Strategically Robust Multi-Agent Reinforcement Learning with Linear Function Approximation

Provably efficient and robust equilibrium computation in general-sum Markov games remains a core challenge in multi-agent reinforcement learning. Nash equilibrium is computationally intractable in general and brittle due to equilibrium multiplicity and sensitivity to approximation error. We study Risk-Sensitive Quantal Response Equilibrium (RQRE), which yields a unique, smooth solution under bounded rationality and risk sensitivity. We propose \texttt{RQRE-OVI}, an optimistic value iteration algorithm for computing RQRE with linear function approximation in large or continuous state spaces. Through finite-sample regret analysis, we establish convergence and explicitly characterize how sample complexity scales with rationality and risk-sensitivity parameters. The regret bounds reveal a quantitative tradeoff: increasing rationality tightens regret, while risk sensitivity induces regularization that enhances stability and robustness. This exposes a Pareto frontier between expected performance and robustness, with Nash recovered in the limit of perfect rationality and risk neutrality. We further show that the RQRE policy map is Lipschitz continuous in estimated payoffs, unlike Nash, and RQRE admits a distributionally robust optimization interpretation. Empirically, we demonstrate that \texttt{RQRE-OVI} achieves competitive performance under self-play while producing substantially more robust behavior under cross-play compared to Nash-based approaches. These results suggest \texttt{RQRE-OVI} offers a principled, scalable, and tunable path for equilibrium learning with improved robustness and generalization.

翻译：在一般和马尔可夫博弈中实现可证明高效且鲁棒的均衡计算，仍然是多智能体强化学习的核心挑战。

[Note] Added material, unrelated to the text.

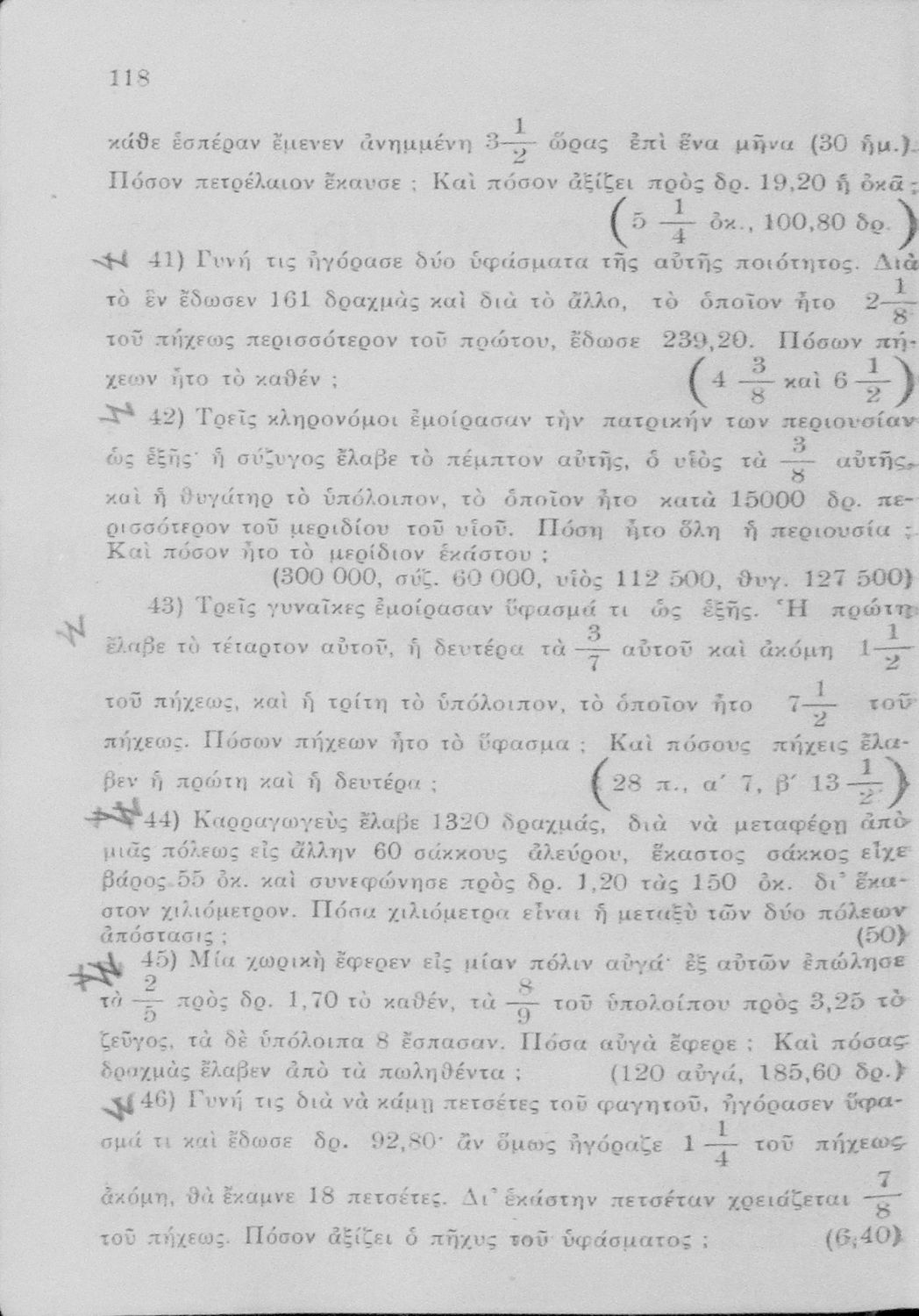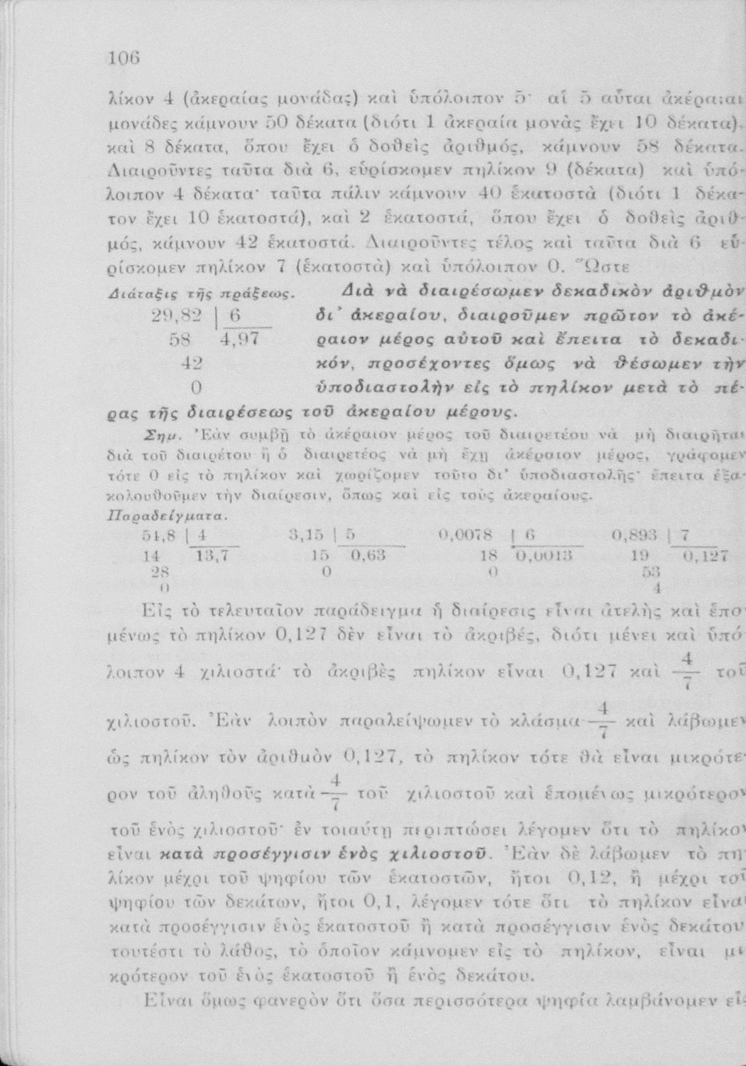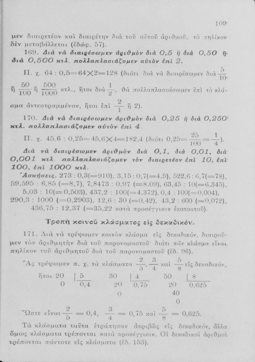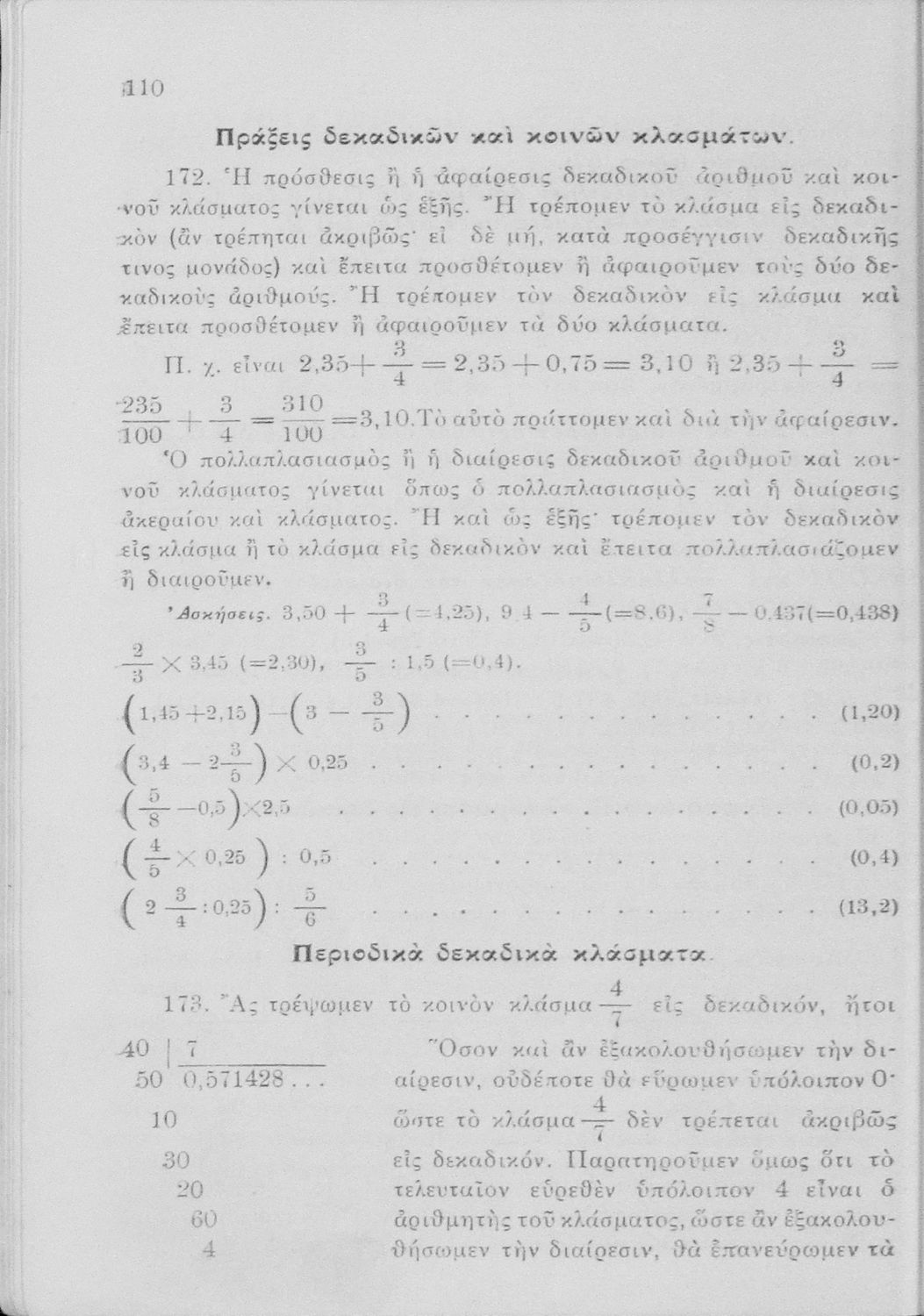 Σχολικό εγχειρίδιο Αριθμητικής για τις Α΄, Β΄, Γ΄ Γυμνασίου και τα Ανώτερα Παρθεναγωγεία που είναι χωρισμένο σε θεωρία και ασκήσεις και εστιάζει στις αριθμητικές πράξεις με κλάσματα και ακέραιους και συμμιγείς
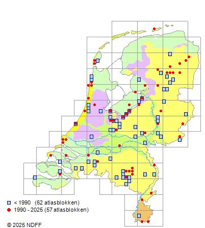 Het aantal atlasblokken (5x5 km) waarin de soort is gemeld binnen een periode van vijf jaar (vanaf 1980) of twintig jaar. Niet gecorrigeerd voor waarnemersinspanning en het aantal doorgegeven waarnemingen kan sterk variëren per periode, dus een trend in verspreiding kan hier niet direct uit worden afgelezen. Het opgegeven jaartal is het eerste jaar van de periode. Bron: gevalideerde waarnemingen uit de NDFF.

纳什均衡在计算上通常是难解的，并且由于均衡的多重性以及对近似误差的敏感性而显得脆弱。我们研究了风险敏感量化响应均衡，该均衡在有界理性和风险敏感性条件下能产生唯一且平滑的解。我们提出了\texttt{RQRE-OVI}，一种用于在大型或连续状态空间中计算具有线性函数逼近的RQRE的乐观值迭代算法。通过有限样本遗憾分析，我们建立了收敛性，并明确刻画了样本复杂度如何随理性和风险敏感性参数变化。遗憾界揭示了一个定量的权衡：提高理性会收紧遗憾，而风险敏感性则引入正则化，从而增强稳定性和鲁棒性。这暴露了期望性能与鲁棒性之间的帕累托前沿，其中纳什均衡在完全理性和风险中性的极限情况下得以恢复。我们进一步证明，与纳什均衡不同，RQRE策略映射在估计收益上是利普希茨连续的，并且RQRE允许一个分布鲁棒优化的解释。实证结果表明，与基于纳什均衡的方法相比，\texttt{RQRE-OVI}在自对弈下实现了有竞争力的性能，同时在交叉对弈下产生了显著更鲁棒的行为。这些结果表明，\texttt{RQRE-OVI}为均衡学习提供了一条原则性、可扩展且可调优的路径，具有改进的鲁棒性和泛化能力。